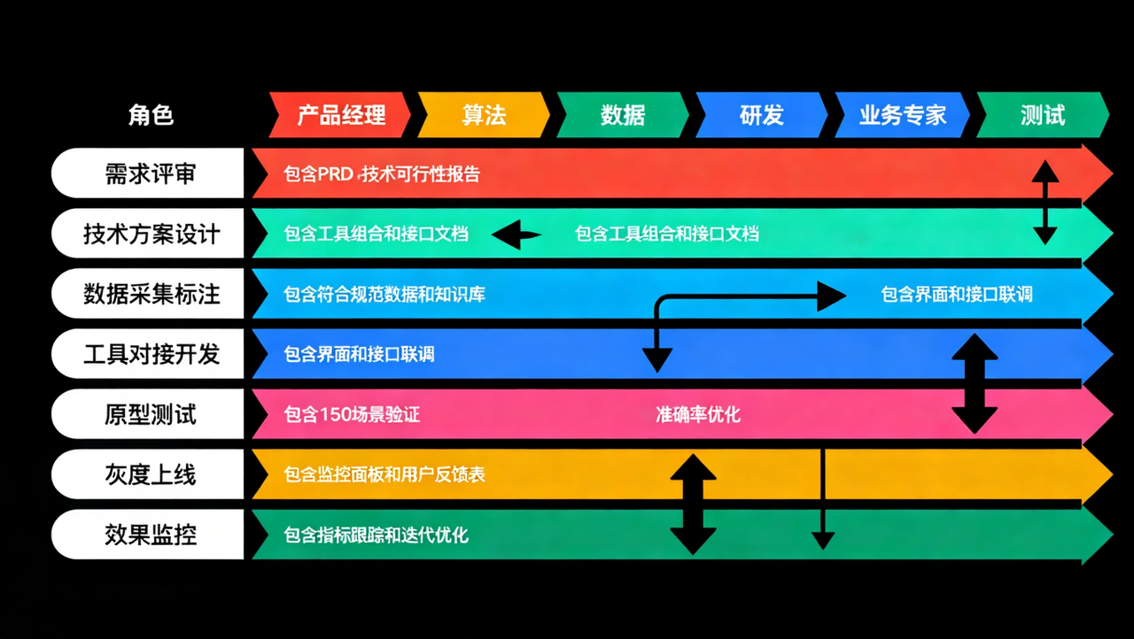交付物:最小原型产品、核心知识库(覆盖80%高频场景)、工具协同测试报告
* * *
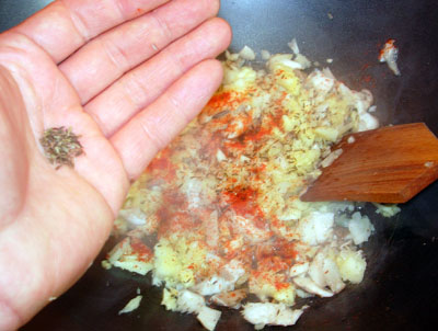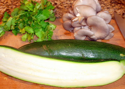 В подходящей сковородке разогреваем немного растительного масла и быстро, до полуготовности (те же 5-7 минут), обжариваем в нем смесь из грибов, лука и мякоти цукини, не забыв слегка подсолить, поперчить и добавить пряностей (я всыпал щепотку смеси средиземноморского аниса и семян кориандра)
--
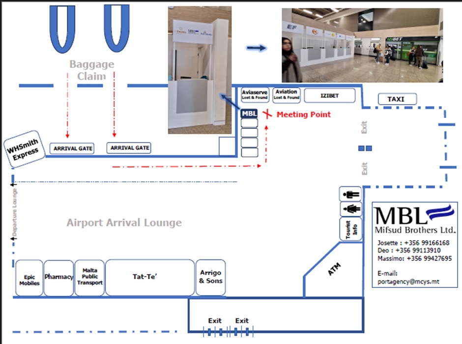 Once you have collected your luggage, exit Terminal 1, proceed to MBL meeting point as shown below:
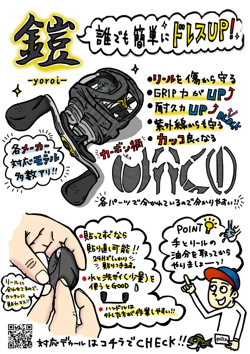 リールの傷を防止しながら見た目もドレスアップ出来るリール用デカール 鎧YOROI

## Task directions
In the listing above, find the line containing "Once you have" and the line containing "リールの傷を防止しながら見た". Reproduce those lines and all between them exactly, with no pictures and nothing more.

## Answer below
 Once you have collected your luggage, exit Terminal 1, proceed to MBL meeting point as shown below:
 リールの傷を防止しながら見た目もドレスアップ出来るリール用デカール 鎧YOROI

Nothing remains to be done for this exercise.